Second, on the CO2 business, there is huge uncertainty. We don't know how prices are going to shake out. You guys are pretty heavily hedged for this year but not as much for next year. Can you talk about what shut-ins would mean for that business in terms of how durable is the field if you do shut it in? Would it take additional capital to bring it back? Can you just curtail it back and then bring it up to kind of ease things? Or just kind of bigger picture on CO2.
Steven J. Kean - CEO & Director
Sure. And I'll ask Jesse to supplement this, but we're not talking about shutting in fields. There may be some turn down here and there depending on the price signals we're seeing in the cash market, as we talked about earlier.
But for example, in our 3 smaller fields, we're looking at, instead of introducing new CO2 into those fields, just recapturing the CO2 that comes out with our oil production and recycling it in those fields. So it's not about shutting it down. It's more about dialing it back and under the current market environment, not introducing new CO2 into it.
But Jesse, why don't you comment further on that?
Jesse Arenivas - VP & President of CO2
That's a good summary there, Steve. But I think where we are, Becca, is we're obviously high grading the production in each field and optimizing the highest cost production, highest gas-to-oil ratio, so we've taken steps to curtail that production. Each field is different, different reservoirs, different wellbore diagrams. So where you have pumps, there's obviously some risk that you have to pull those if you restart.
But from a material perspective, we think that most of the production will come back with very little capital required. You will have some instances where you have to work over a well or restimulate to get it going. But right now, we're just high grading production and getting the most profitable barrels to market.

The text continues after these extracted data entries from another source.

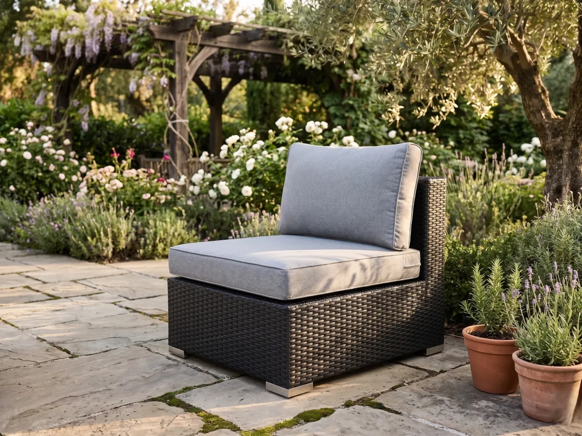 Moduł środkowy może pełnić funkcję samodzielnego fotela na kameralnym balkonie lub być kluczowym elementem rozbudowanego narożnika w ogrodzie.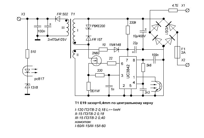 Начинать со схемы на gdt явно не стоит. Схемы на UC3842 (обратноход) почти идентичны, отличаются только параметры обвязки и ключи. Автору советую повторить схему, разобравшись в ней, а потом уже задавать вопросы, если что-то не получилось. Ну, или спросить перед сборкой, что непонятно.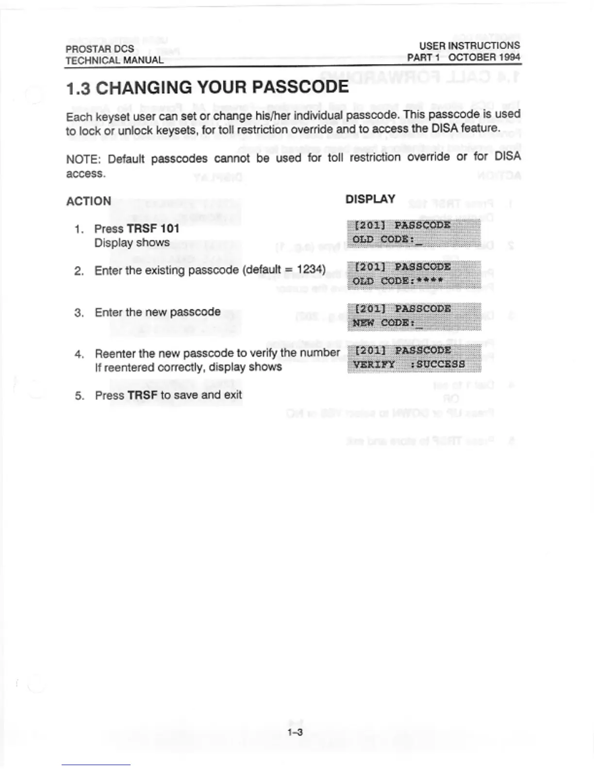 Samsung Prostar DCS - Changing Your Passcode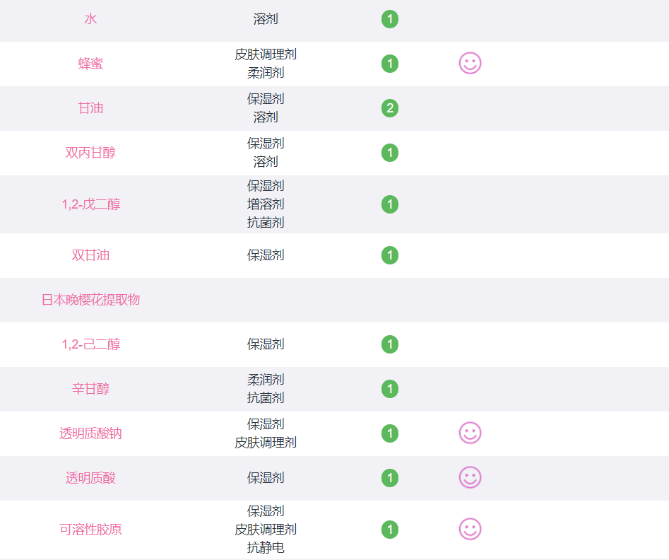 這款化妝保濕水含有維生素C、透明質(zhì)酸、甘油、甘氨酸等能夠很好的幫助皮膚保濕,尤其在成分表當(dāng)中,蜂蜜的成分含量還是比較高的,從成分上來看還是很有誠意。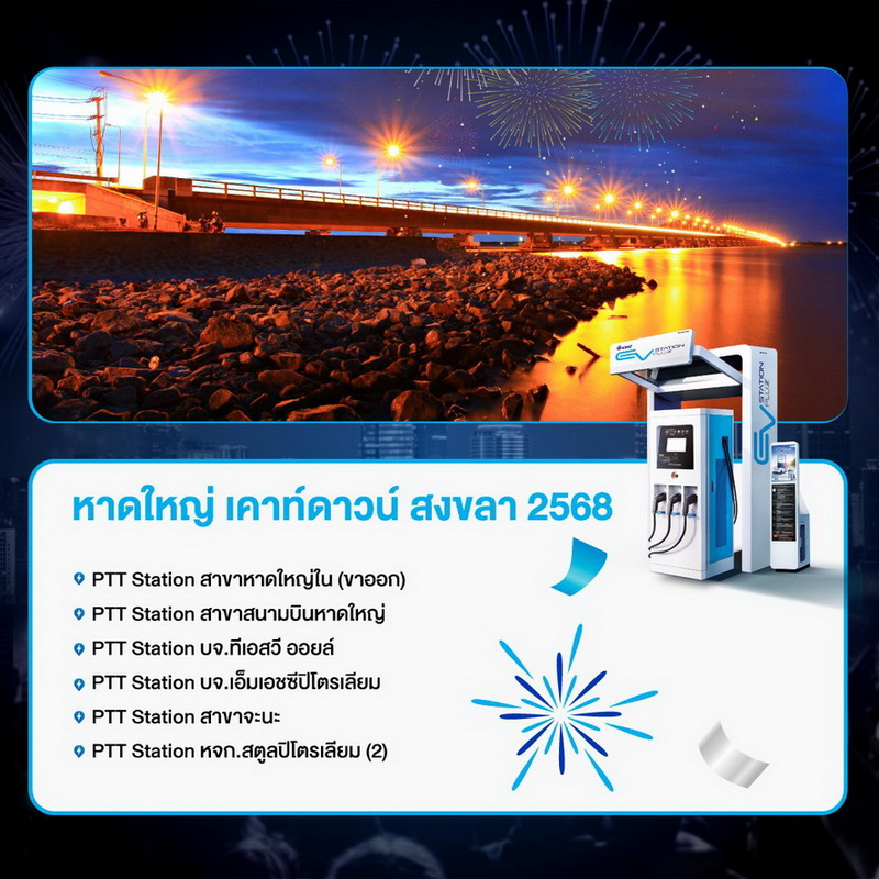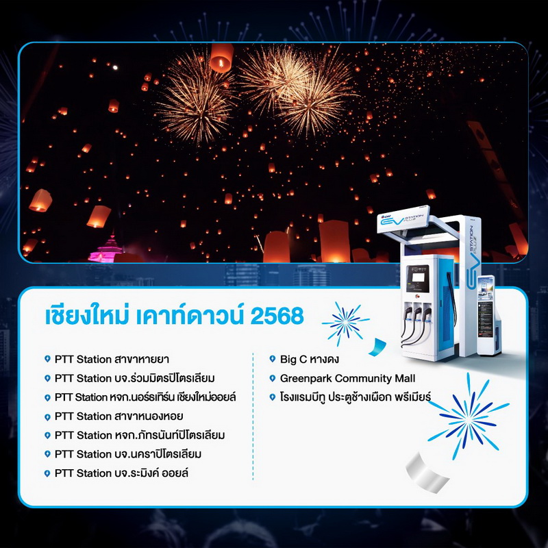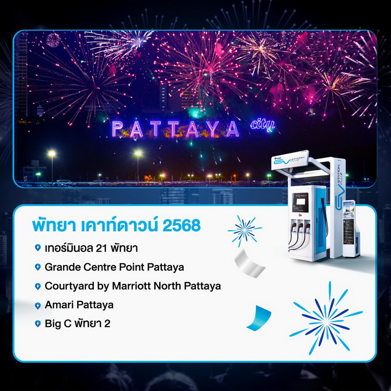 EV Station PluZ เปิดพิกัดสถานีชาร์จใกล้สถานที่เคาท์ดาวน์ยอดนิยมทั่วประเทศต้อนรับเทศกาลปีใหม่ ทั้งในกรุงเทพ ภาคตะวันออก ภาคเหนือ ภาคอีสาน และภาคใต้ ไว้ดังนี้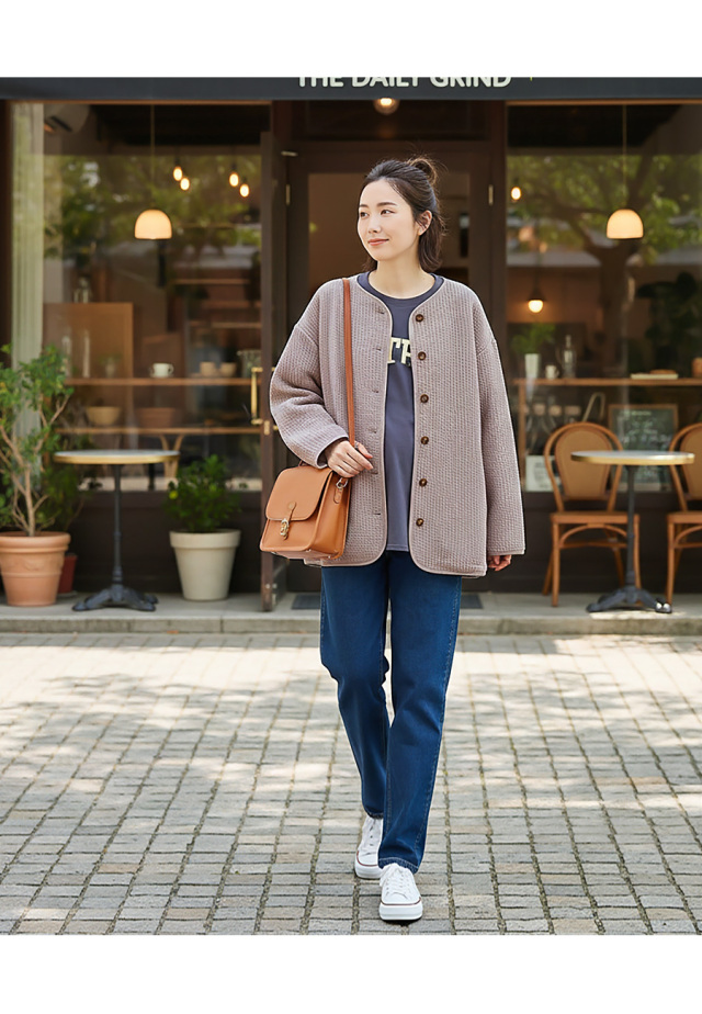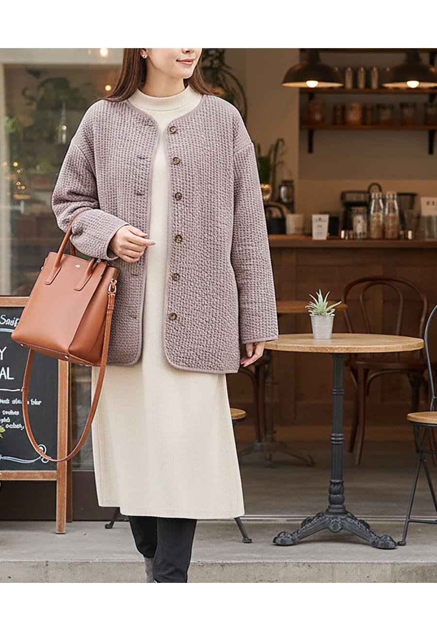 軽やかな着心地ながら、しっかりと暖かさを感じられるので、秋冬のお出かけに心強い一着です。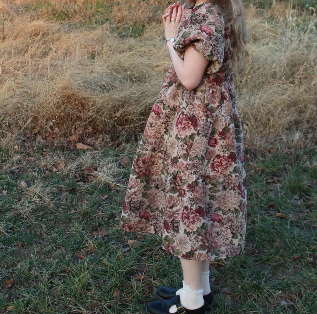 With a timeless rustic floral pattern and a modest babydoll silhouette, it can be easily dressed up with boots or heels, or dressed down with flats or sneakers. The flattering empire waist is paired with a slight drop waist in the back to give a feminine contour while maintaining the youthful, baby-doll style.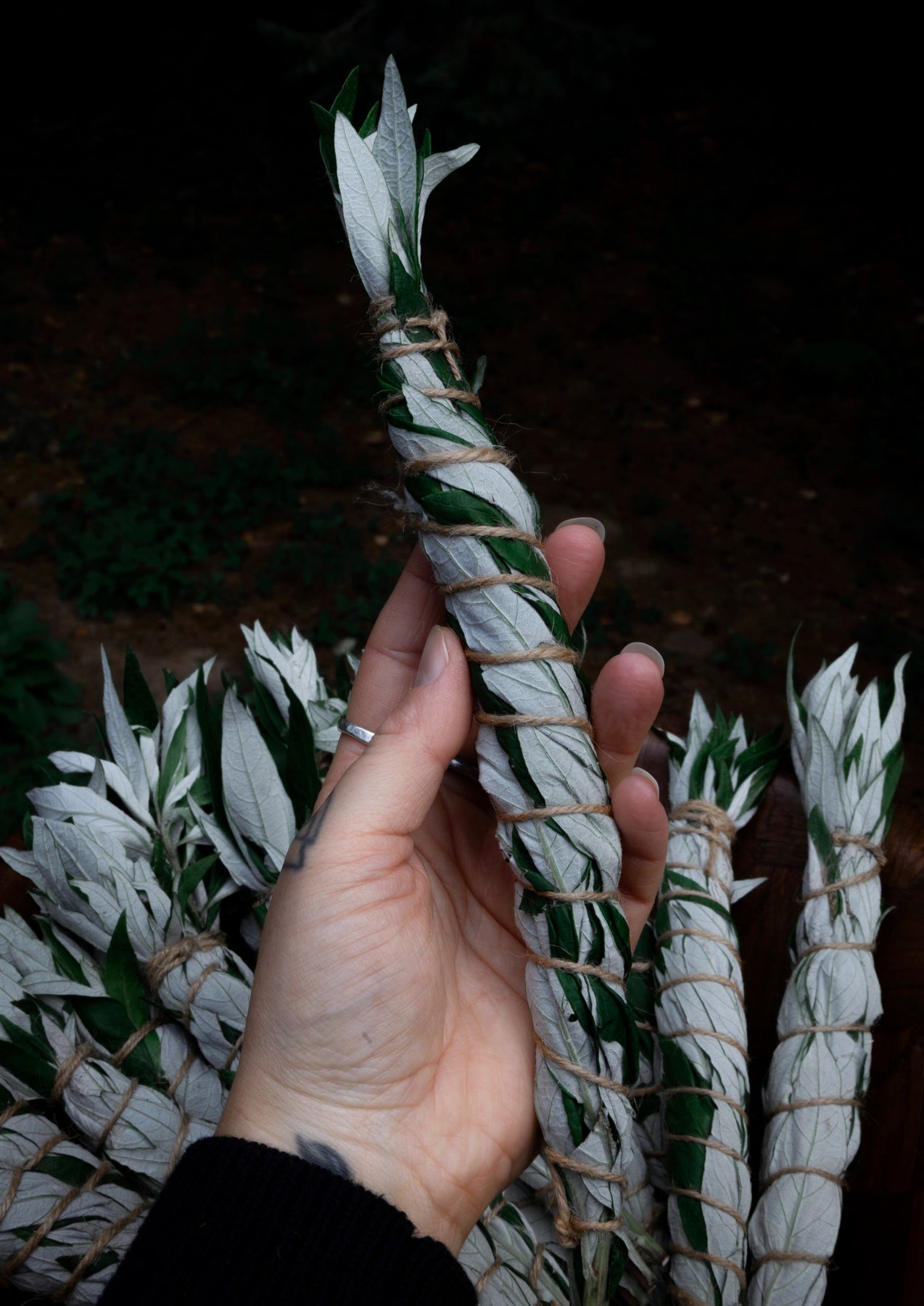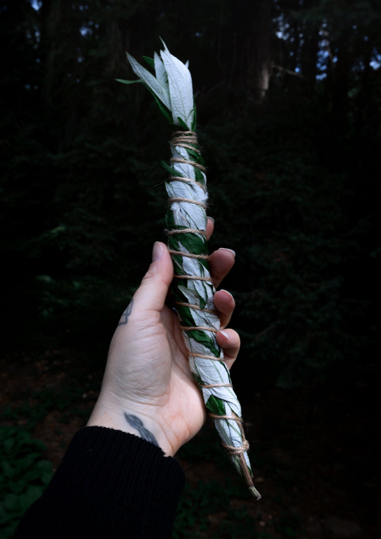 **Safety Disclaimer: Please be careful when burning these Wands. Once lit, wave back and forth so there is no flame and it is smoking. The plant material has been left to dry so that they can burn nicely, but this means there is a chance small pieces can come off of them as they are burned. You can stamp it out into a plate or bit of water, or wave back and forth. Please take precaution and do not leave unattended.

Rebecca Gill Followill - Senior MD & Head of Research
And then what basis differential are you guys assuming for the rest of the year?
Steven J. Kean - CEO & Director
Jesse, you want to answer that as well? Are you talking about Mid-Cush?
Jesse Arenivas - VP & President of CO2
Yes.
Steven J. Kean - CEO & Director
Go ahead, Jesse. We hedge that...
Jesse Arenivas - VP & President of CO2
Yes, with respect to Mid-Cush, we are virtually 100% hedged there at a positive $0.14. So we've taken that risk off the table.
Operator
Thank you, and there are no other questions at this time.
Richard D. Kinder - Executive Chairman of the Board
Thank you very much, and have a good evening. Stay safe, and stay healthy. Thank you.
Operator
This does conclude today's conference call. Thank you for participating, and you may disconnect at this time.